— Work order —
Go through the data from its first line and retype each line, stopping once the line containing "The Council of" has been retyped.

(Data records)
-------------------------

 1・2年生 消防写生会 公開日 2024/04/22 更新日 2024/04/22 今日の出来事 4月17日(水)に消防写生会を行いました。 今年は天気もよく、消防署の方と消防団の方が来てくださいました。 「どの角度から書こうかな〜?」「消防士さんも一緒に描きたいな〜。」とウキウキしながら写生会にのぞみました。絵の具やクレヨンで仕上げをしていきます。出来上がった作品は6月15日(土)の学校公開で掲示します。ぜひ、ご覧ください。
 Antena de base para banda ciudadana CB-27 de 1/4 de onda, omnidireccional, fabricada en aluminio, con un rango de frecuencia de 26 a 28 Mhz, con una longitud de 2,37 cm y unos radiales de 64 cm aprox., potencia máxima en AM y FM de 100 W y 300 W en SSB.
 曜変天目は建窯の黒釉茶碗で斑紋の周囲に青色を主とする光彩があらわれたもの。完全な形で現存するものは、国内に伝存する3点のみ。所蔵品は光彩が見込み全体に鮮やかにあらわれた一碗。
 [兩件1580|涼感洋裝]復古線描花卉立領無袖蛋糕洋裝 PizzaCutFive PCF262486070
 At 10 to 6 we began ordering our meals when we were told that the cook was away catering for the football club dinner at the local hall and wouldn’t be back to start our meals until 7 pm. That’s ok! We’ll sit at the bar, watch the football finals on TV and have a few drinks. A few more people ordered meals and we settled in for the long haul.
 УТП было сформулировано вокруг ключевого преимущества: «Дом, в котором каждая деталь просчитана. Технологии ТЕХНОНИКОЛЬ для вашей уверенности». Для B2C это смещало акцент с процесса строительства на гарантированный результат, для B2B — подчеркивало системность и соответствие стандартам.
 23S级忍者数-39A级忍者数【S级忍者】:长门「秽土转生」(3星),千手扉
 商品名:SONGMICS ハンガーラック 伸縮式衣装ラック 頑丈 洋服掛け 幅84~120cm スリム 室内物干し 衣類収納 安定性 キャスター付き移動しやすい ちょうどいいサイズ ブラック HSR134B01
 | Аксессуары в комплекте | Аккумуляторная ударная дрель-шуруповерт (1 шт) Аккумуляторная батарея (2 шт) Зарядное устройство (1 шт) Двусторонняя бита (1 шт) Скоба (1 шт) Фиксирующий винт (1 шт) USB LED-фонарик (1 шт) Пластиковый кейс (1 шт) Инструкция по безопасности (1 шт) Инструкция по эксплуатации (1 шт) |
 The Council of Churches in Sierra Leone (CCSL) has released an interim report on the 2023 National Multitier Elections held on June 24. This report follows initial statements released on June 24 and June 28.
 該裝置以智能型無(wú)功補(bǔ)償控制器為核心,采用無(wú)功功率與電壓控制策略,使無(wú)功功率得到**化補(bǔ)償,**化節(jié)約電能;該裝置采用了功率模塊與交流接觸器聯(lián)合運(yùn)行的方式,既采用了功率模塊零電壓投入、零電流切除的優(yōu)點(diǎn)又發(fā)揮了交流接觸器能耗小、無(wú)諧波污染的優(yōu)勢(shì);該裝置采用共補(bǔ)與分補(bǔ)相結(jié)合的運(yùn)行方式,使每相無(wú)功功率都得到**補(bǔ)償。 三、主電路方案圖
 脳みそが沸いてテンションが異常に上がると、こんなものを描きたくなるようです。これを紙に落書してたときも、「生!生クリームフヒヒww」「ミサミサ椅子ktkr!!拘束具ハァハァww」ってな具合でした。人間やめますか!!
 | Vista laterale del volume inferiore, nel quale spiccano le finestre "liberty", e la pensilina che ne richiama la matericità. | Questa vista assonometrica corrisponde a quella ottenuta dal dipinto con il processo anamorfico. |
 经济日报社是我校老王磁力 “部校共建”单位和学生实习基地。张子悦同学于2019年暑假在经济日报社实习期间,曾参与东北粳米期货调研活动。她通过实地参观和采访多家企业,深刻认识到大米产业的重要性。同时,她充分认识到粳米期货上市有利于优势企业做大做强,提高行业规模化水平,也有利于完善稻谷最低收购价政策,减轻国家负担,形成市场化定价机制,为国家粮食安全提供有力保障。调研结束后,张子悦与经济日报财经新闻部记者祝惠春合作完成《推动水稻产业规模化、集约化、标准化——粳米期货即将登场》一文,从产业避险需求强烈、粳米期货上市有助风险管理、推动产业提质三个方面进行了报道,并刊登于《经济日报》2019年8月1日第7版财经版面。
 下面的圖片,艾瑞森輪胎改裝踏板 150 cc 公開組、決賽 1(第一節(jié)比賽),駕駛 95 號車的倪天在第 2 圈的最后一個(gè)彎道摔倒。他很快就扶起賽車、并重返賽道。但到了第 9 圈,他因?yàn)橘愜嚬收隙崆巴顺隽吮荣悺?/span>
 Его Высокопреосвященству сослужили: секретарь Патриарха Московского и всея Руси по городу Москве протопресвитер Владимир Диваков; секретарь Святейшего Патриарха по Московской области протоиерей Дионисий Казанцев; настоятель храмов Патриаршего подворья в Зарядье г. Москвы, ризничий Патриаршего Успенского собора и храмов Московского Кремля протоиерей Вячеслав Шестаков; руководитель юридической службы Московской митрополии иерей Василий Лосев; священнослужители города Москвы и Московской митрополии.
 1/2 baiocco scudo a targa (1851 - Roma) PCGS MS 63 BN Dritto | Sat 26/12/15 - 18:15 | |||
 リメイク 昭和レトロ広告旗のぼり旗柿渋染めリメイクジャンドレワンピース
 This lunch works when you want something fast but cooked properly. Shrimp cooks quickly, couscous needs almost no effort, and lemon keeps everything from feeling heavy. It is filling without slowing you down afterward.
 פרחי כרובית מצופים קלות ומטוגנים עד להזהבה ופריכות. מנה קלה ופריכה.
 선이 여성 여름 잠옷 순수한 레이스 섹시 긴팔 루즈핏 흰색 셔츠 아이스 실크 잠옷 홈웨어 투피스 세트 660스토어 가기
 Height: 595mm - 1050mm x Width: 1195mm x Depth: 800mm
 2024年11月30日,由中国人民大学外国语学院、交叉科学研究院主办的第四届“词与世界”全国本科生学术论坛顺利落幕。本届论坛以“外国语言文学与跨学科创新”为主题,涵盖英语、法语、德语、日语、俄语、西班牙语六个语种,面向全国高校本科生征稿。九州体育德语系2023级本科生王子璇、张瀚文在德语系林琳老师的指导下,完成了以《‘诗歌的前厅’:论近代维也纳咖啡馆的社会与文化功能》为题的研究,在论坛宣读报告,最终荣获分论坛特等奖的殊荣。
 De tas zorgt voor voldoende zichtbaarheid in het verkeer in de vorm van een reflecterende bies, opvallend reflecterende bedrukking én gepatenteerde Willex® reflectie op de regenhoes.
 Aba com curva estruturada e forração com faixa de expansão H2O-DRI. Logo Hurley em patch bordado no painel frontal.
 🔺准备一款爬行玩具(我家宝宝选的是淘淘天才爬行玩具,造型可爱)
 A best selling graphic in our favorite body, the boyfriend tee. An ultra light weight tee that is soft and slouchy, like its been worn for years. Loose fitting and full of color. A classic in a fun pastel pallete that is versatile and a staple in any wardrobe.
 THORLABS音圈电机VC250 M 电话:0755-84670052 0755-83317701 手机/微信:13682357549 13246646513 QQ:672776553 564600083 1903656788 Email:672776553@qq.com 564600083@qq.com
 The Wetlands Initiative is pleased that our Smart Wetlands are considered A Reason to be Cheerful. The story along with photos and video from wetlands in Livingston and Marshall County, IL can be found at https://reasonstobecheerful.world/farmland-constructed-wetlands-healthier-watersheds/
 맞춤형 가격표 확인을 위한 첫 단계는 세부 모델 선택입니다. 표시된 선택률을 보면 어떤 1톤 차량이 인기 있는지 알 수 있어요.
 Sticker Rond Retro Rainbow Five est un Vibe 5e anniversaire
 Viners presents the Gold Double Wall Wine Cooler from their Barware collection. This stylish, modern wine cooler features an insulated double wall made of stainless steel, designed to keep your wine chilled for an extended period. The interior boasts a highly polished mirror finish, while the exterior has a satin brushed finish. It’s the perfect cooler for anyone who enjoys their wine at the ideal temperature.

-------------------------

— Reply to the task —
 1・2年生 消防写生会 公開日 2024/04/22 更新日 2024/04/22 今日の出来事 4月17日(水)に消防写生会を行いました。 今年は天気もよく、消防署の方と消防団の方が来てくださいました。 「どの角度から書こうかな〜?」「消防士さんも一緒に描きたいな〜。」とウキウキしながら写生会にのぞみました。絵の具やクレヨンで仕上げをしていきます。出来上がった作品は6月15日(土)の学校公開で掲示します。ぜひ、ご覧ください。
 Antena de base para banda ciudadana CB-27 de 1/4 de onda, omnidireccional, fabricada en aluminio, con un rango de frecuencia de 26 a 28 Mhz, con una longitud de 2,37 cm y unos radiales de 64 cm aprox., potencia máxima en AM y FM de 100 W y 300 W en SSB.
 曜変天目は建窯の黒釉茶碗で斑紋の周囲に青色を主とする光彩があらわれたもの。完全な形で現存するものは、国内に伝存する3点のみ。所蔵品は光彩が見込み全体に鮮やかにあらわれた一碗。
 [兩件1580|涼感洋裝]復古線描花卉立領無袖蛋糕洋裝 PizzaCutFive PCF262486070
 At 10 to 6 we began ordering our meals when we were told that the cook was away catering for the football club dinner at the local hall and wouldn’t be back to start our meals until 7 pm. That’s ok! We’ll sit at the bar, watch the football finals on TV and have a few drinks. A few more people ordered meals and we settled in for the long haul.
 УТП было сформулировано вокруг ключевого преимущества: «Дом, в котором каждая деталь просчитана. Технологии ТЕХНОНИКОЛЬ для вашей уверенности». Для B2C это смещало акцент с процесса строительства на гарантированный результат, для B2B — подчеркивало системность и соответствие стандартам.
 23S级忍者数-39A级忍者数【S级忍者】:长门「秽土转生」(3星),千手扉
 商品名:SONGMICS ハンガーラック 伸縮式衣装ラック 頑丈 洋服掛け 幅84~120cm スリム 室内物干し 衣類収納 安定性 キャスター付き移動しやすい ちょうどいいサイズ ブラック HSR134B01
 | Аксессуары в комплекте | Аккумуляторная ударная дрель-шуруповерт (1 шт) Аккумуляторная батарея (2 шт) Зарядное устройство (1 шт) Двусторонняя бита (1 шт) Скоба (1 шт) Фиксирующий винт (1 шт) USB LED-фонарик (1 шт) Пластиковый кейс (1 шт) Инструкция по безопасности (1 шт) Инструкция по эксплуатации (1 шт) |
 The Council of Churches in Sierra Leone (CCSL) has released an interim report on the 2023 National Multitier Elections held on June 24. This report follows initial statements released on June 24 and June 28.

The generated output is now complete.